_Action item:_ Output every record exactly, apart from its images.

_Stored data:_
--- START ---

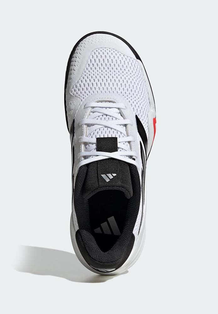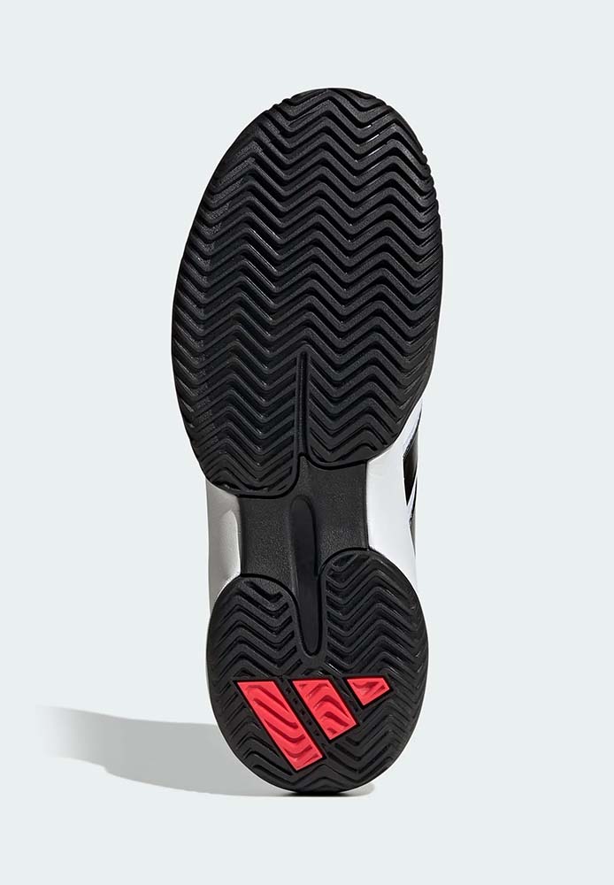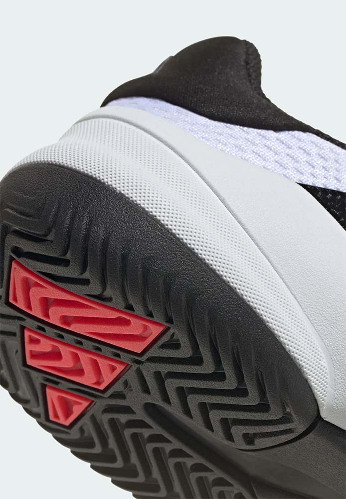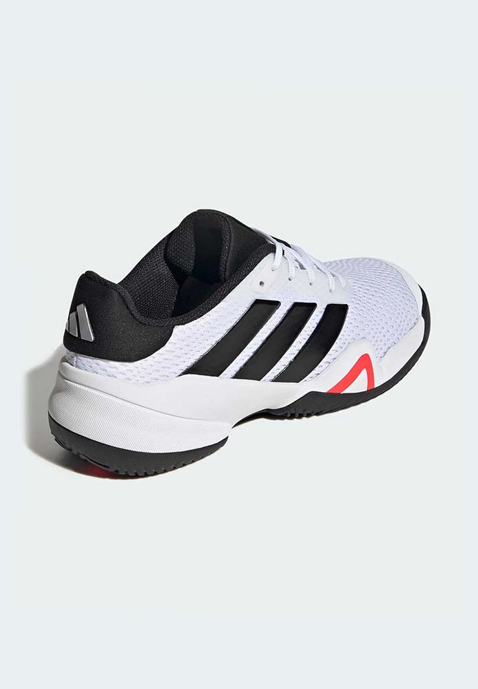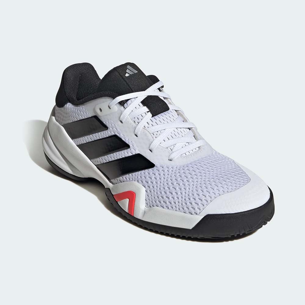 The adidas Barricade K is an allcourt tennis shoe designed for high performance and durability on various court surfaces. It features a robust Textile/synthetics upper for a supportive and stable fit, complemented by a comfortable Textile lining and insole with cold padding. The main durability comes from the addition of toe caps and a durable Natural rubber sole, ensuring the shoe can withstand the aggressive movements and court friction typical of tennis. The shoe is secured with traditional Laces and has a classic Round tip and Flat heel type. Its construction is built for the intensity of the sport.
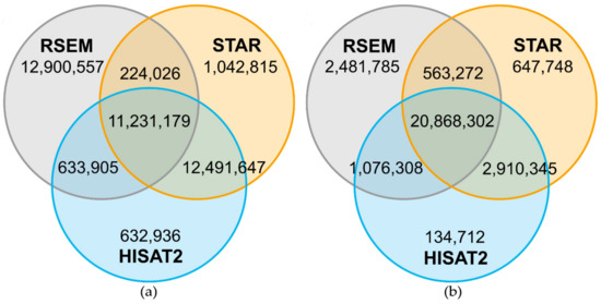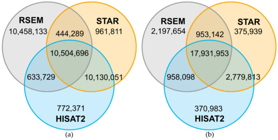 Number of reads mapping on the same genomic position comparing HISAT2, RSEM and STAR for N14. Venn diagrams are based on 22,040,847 reads mapped by all three mappers and represent the overlap of mapped reads on the same genomic position for sample B (see Table A3 for sample information). A high number of the uniquely mapped reads in RSEM was based on soft-clipping by one bp performed by HISAT2 and STAR (a). The reads in HISAT2 and STAR were corrected by adding the soft-clipped bp back and the overlap with RSEM increased strongly (b).
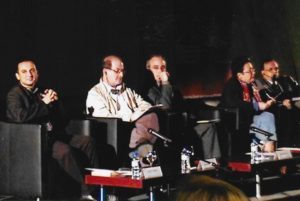 PEN Program at Cultural Forum Barcelona 2004. L to R: Carles Torner, International PEN Board Member and director for PEN conference, Salman Rushdie, President American PEN, Josep Bargalló, First Minister of Catalonia, Dolors Olier, President Catalan PEN
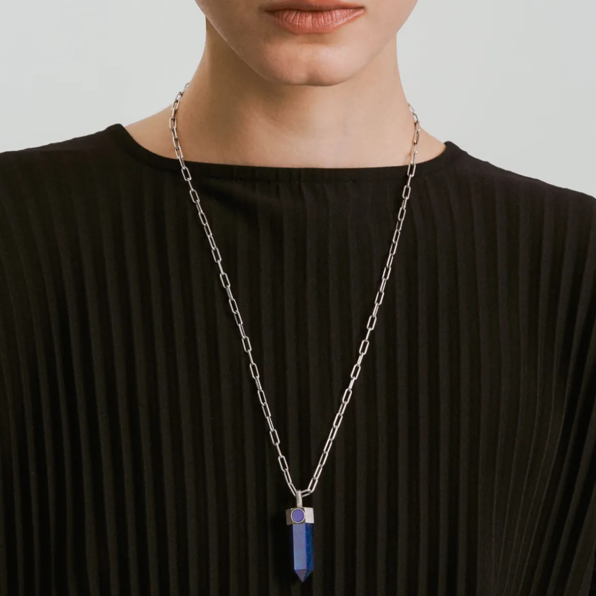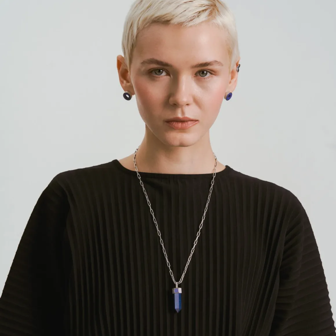 Naszyjnik został wykonany z oksydowanego srebra w naszej jubilerskiej pracowni. Biżuteria przyciąga uwagę swoją geometryczną formą oraz intensywnie niebieskim kamieniem lapis lazuli w kształcie smukłego kryształu, który zdobi długi, wyrazisty łańcuch. Zawieszkę uzupełnia elegancka, srebrna oprawa o gładkim, satynowym wykończeniu, z centralnie umieszczonym lapis lazuli w klasycznym, okrągłym kształcie. Łańcuch z dużymi ogniwami nadaje naszyjnikowi wyrazisty, industrialny charakter, czyniąc go idealnym dodatkiem do nowoczesnych, miejskich stylizacji. Dzięki możliwości regulacji długości, zapięcie można dopasować do dowolnej wysokości, co zapewnia wygodę w codziennym noszeniu. Całość dopełnia zapięcie na karabińczyk oraz logo ORSKA, podkreślające unikalność projektu. Naszyjnik świetnie komponuje się z innymi elementami kolekcji Orini, takimi jak srebrne kolczyki w kształcie pierścienia lub niebanalny sygnet z lapis lazuli, pozwalając stworzyć spójną i wyrazistą całość.
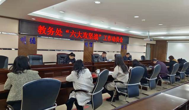 2月28日下午,教务处在行政楼四楼会议室召开“六大攻坚战”工作动员部署会,教务处全体成员参加会议。
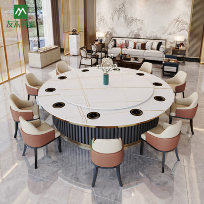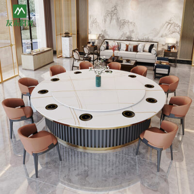 Bàn Lẩu đá phiến cảm ứng tích hợp bàn ăn tròn khách sạn thương mại hộp tiệc có bàn xoay khách sạn bàn tròn lớn

--- END ---

_Task result:_
 The adidas Barricade K is an allcourt tennis shoe designed for high performance and durability on various court surfaces. It features a robust Textile/synthetics upper for a supportive and stable fit, complemented by a comfortable Textile lining and insole with cold padding. The main durability comes from the addition of toe caps and a durable Natural rubber sole, ensuring the shoe can withstand the aggressive movements and court friction typical of tennis. The shoe is secured with traditional Laces and has a classic Round tip and Flat heel type. Its construction is built for the intensity of the sport.
 Number of reads mapping on the same genomic position comparing HISAT2, RSEM and STAR for N14. Venn diagrams are based on 22,040,847 reads mapped by all three mappers and represent the overlap of mapped reads on the same genomic position for sample B (see Table A3 for sample information). A high number of the uniquely mapped reads in RSEM was based on soft-clipping by one bp performed by HISAT2 and STAR (a). The reads in HISAT2 and STAR were corrected by adding the soft-clipped bp back and the overlap with RSEM increased strongly (b).
 PEN Program at Cultural Forum Barcelona 2004. L to R: Carles Torner, International PEN Board Member and director for PEN conference, Salman Rushdie, President American PEN, Josep Bargalló, First Minister of Catalonia, Dolors Olier, President Catalan PEN
 Naszyjnik został wykonany z oksydowanego srebra w naszej jubilerskiej pracowni. Biżuteria przyciąga uwagę swoją geometryczną formą oraz intensywnie niebieskim kamieniem lapis lazuli w kształcie smukłego kryształu, który zdobi długi, wyrazisty łańcuch. Zawieszkę uzupełnia elegancka, srebrna oprawa o gładkim, satynowym wykończeniu, z centralnie umieszczonym lapis lazuli w klasycznym, okrągłym kształcie. Łańcuch z dużymi ogniwami nadaje naszyjnikowi wyrazisty, industrialny charakter, czyniąc go idealnym dodatkiem do nowoczesnych, miejskich stylizacji. Dzięki możliwości regulacji długości, zapięcie można dopasować do dowolnej wysokości, co zapewnia wygodę w codziennym noszeniu. Całość dopełnia zapięcie na karabińczyk oraz logo ORSKA, podkreślające unikalność projektu. Naszyjnik świetnie komponuje się z innymi elementami kolekcji Orini, takimi jak srebrne kolczyki w kształcie pierścienia lub niebanalny sygnet z lapis lazuli, pozwalając stworzyć spójną i wyrazistą całość.
 2月28日下午,教务处在行政楼四楼会议室召开“六大攻坚战”工作动员部署会,教务处全体成员参加会议。
 Bàn Lẩu đá phiến cảm ứng tích hợp bàn ăn tròn khách sạn thương mại hộp tiệc có bàn xoay khách sạn bàn tròn lớn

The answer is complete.